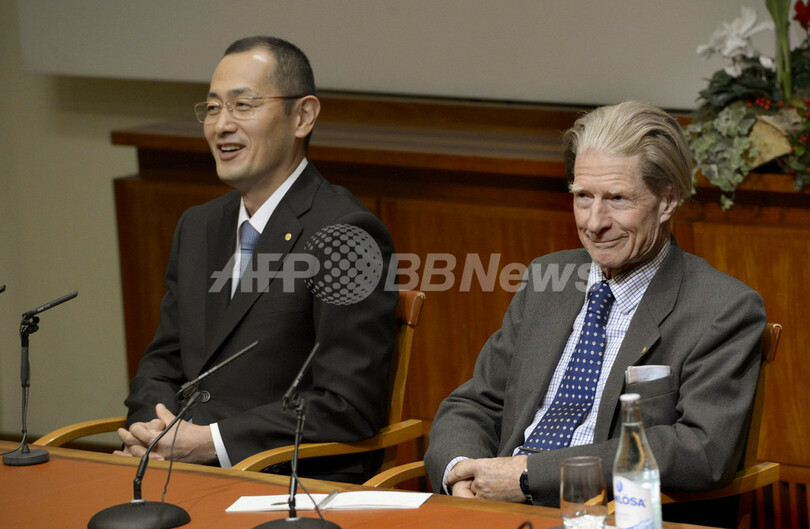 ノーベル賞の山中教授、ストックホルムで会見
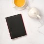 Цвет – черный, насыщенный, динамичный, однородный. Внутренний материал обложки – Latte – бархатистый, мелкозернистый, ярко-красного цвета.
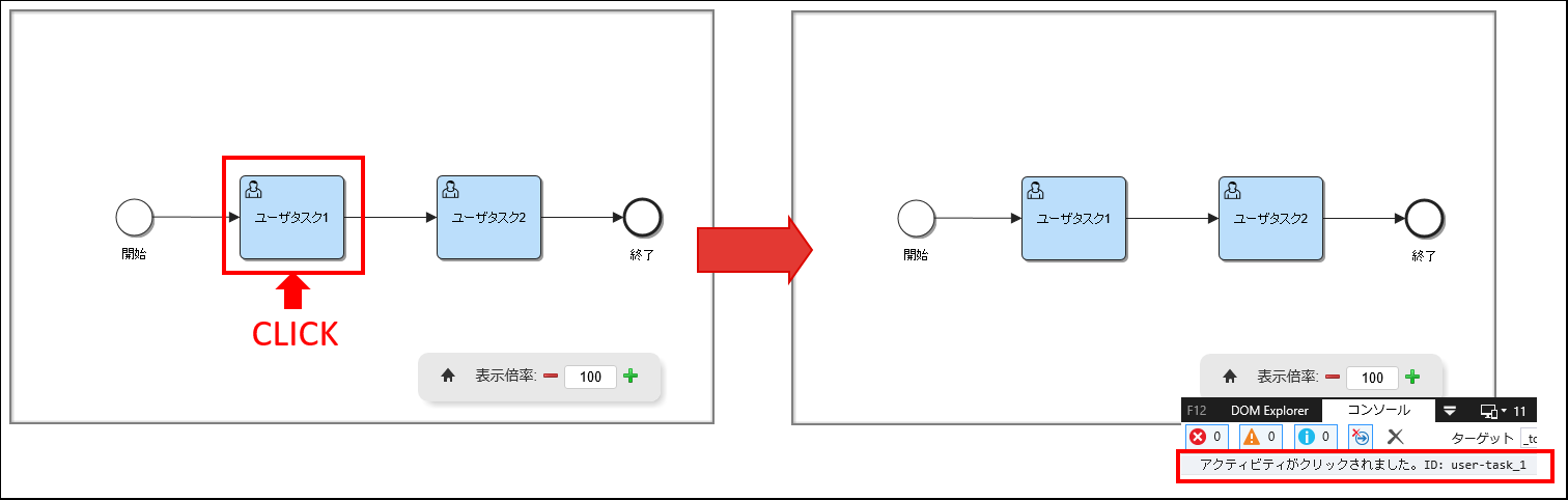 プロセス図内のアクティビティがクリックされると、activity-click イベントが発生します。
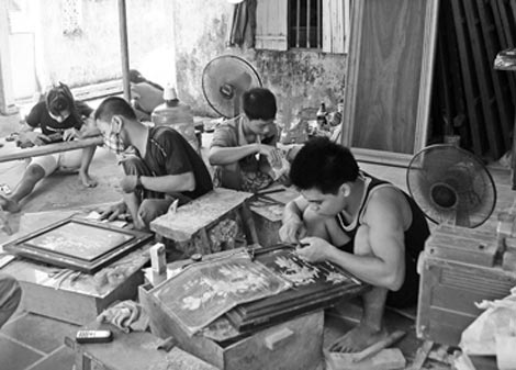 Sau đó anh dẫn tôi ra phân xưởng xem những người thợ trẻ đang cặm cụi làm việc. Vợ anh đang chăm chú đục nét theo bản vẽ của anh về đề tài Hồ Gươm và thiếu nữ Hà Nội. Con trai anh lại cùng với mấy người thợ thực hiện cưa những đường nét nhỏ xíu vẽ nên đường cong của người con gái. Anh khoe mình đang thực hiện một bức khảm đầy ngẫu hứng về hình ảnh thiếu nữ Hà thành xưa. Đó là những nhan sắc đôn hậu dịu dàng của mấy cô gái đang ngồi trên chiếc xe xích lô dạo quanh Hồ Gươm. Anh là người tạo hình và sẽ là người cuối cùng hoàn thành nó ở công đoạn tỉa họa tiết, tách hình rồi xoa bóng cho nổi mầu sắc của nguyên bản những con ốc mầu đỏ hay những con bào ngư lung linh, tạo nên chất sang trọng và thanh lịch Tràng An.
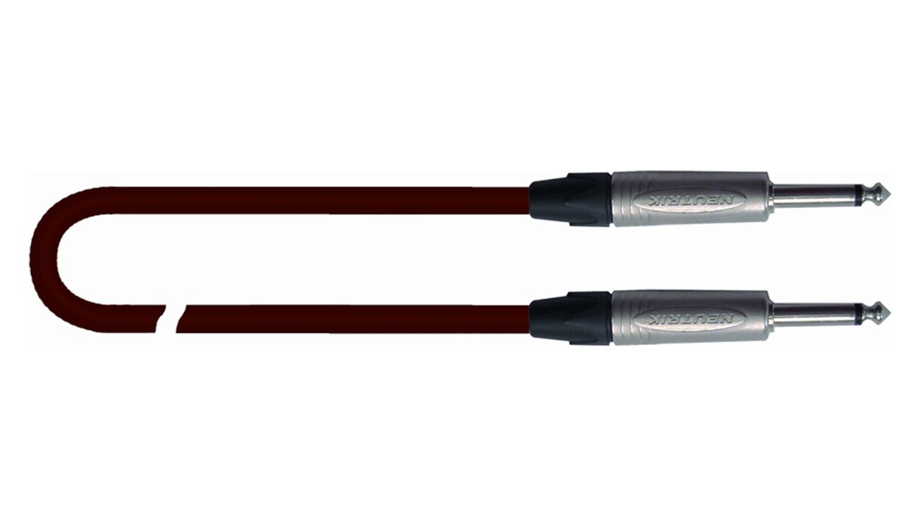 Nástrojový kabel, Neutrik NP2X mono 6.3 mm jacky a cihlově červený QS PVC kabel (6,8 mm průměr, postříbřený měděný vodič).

DESCRIPTION OF THE TASK: Your copy should hold exactly the lines from the one with "Sau đó anh dẫn" through the final line of the records, both ends included, and no pictures.

YOUR RESPONSE:
 Sau đó anh dẫn tôi ra phân xưởng xem những người thợ trẻ đang cặm cụi làm việc. Vợ anh đang chăm chú đục nét theo bản vẽ của anh về đề tài Hồ Gươm và thiếu nữ Hà Nội. Con trai anh lại cùng với mấy người thợ thực hiện cưa những đường nét nhỏ xíu vẽ nên đường cong của người con gái. Anh khoe mình đang thực hiện một bức khảm đầy ngẫu hứng về hình ảnh thiếu nữ Hà thành xưa. Đó là những nhan sắc đôn hậu dịu dàng của mấy cô gái đang ngồi trên chiếc xe xích lô dạo quanh Hồ Gươm. Anh là người tạo hình và sẽ là người cuối cùng hoàn thành nó ở công đoạn tỉa họa tiết, tách hình rồi xoa bóng cho nổi mầu sắc của nguyên bản những con ốc mầu đỏ hay những con bào ngư lung linh, tạo nên chất sang trọng và thanh lịch Tràng An.
 Nástrojový kabel, Neutrik NP2X mono 6.3 mm jacky a cihlově červený QS PVC kabel (6,8 mm průměr, postříbřený měděný vodič).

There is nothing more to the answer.